Ryley Mennie, a principal with Miller Titerle + Company in Vancouver, says that an employee can refuse to work with someone known to have been exposed who didn’t pass quarantine. But the novel coronavirus’s Chinese origin is already inspiring eruptions of race-based shunning, so he said employers have to be on their guard.


“There is a racial bias attached to this virus that is not valid,” he said. “Employers have to be very careful to avoid taking steps based on the racial background or country of origin of an employee.”


Another thing employers have to be wary of is constructive dismissal. Compelling employees to self-isolate without pay could lead to lawsuits down the road — unless the potential risk is high enough to convince the employer that the alternative might be much worse. Again, it’s important for employers to consider the context — pandemic or not, public health emergency or not.


“Say an employee comes back from a country considered to be a high-risk place, like Iran, and is showing signs of illness. That might be the case where the employer takes the chance (of constructive dismissal),” said Hiscocks.


“It depends on how careful a workplace has been in putting together a pandemic plan,” said Tanzola. “Lawsuits are possible down the road if an employer’s actions amount to constructive dismissal.”


Law firms can expect to confront conditions not all employers will face, because most depend on engaging directly with the public.


As this crisis progresses, more and more firms may start taking steps to reduce person-to-person contact: cancelling meetings, restricting public access to offices and using remote-work technology to cover not only conferences but meetings with clients.


“The problem law firms face is that they’re client-focused businesses,” said Tanzola. “They’re engaged in regular contact with people, in their offices and in court. So they have to think hard about how to maintain their levels of service while protecting their people.”


Most people won’t notice an appreciable difference in how law firms serve their clients until virus containment measures start locking down aspects of courtroom operations themselves. Court systems will try to avoid delaying trials as long as possible, to avoid inflating the current backlog. But many courthouse functions can be handled through teleconferencing.


“It’s certainly not ideal,” said Tanzola. “When you’re examining witnesses, for example, it’s much better to be face-to-face. But I can certainly see the courts trying to minimize that possible exposure.”

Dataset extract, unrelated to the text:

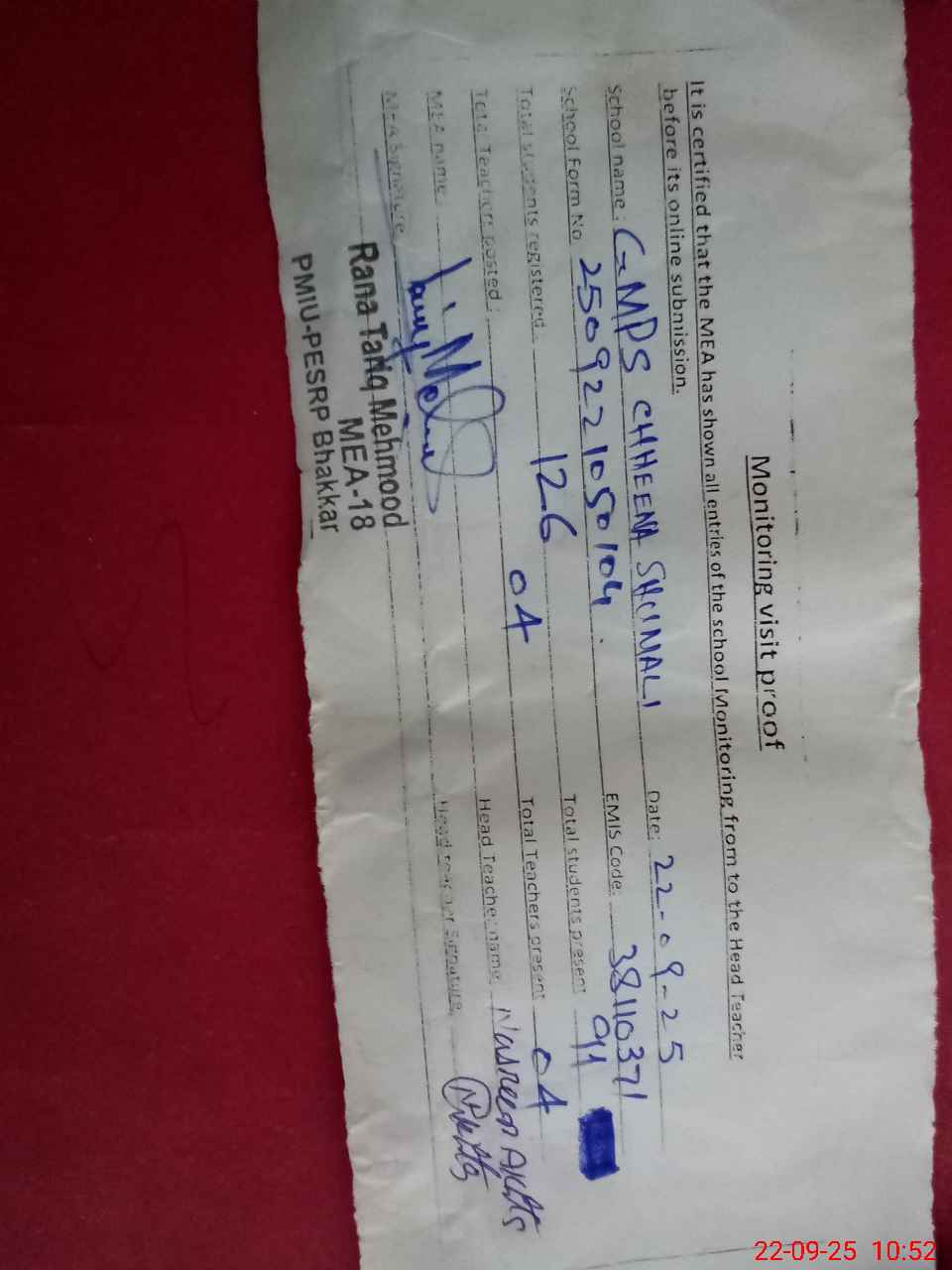 | Certified that this School was Inspected by the Undersigned MEA/DMO Today and the Information Stated Above is as Per Record. | |||||

All law firms require staff to travel from time to time; some Canadian law firms conduct a lot of their business abroad and maintain offices in foreign countries. Those firms face a double challenge: keeping up with clients’ needs while keeping staff members safe, in Canada and elsewhere.


What responsibilities does a law firm bear toward staff members working in, or travelling through, foreign countries where COVID-19 is an acute threat? Hiscocks said those responsibilities could be quite broad and could include a duty to evacuate individuals stuck in an outbreak zone.


“I had a case of an employee who was travelling for work, ended up getting a communicable disease abroad, was hospitalized and nearly died,” he said. “My advice was that (the employer) had an obligation to look after the employee and bring them home.


“In the current environment, Canadian employers with employees travelling abroad to high-risk COVID-19 countries should be taking these matters seriously, including assessing whether to return the employees to Canada …”


But local authorities are responsible for slowing the virus’s spread, which means they may end up deciding whether foreign nationals working in or travelling through a hot zone are permitted to leave.


“If you have an office in China, for example, the law in that location applies,” said Tanzola. “You have to look at what local authorities are saying. Is there a requirement to evacuate? There might be a local lockdown, in which case your employees would be compelled to comply.


“What to do in these cases, above and beyond local requirements, is less of a legal question and more of a business question.”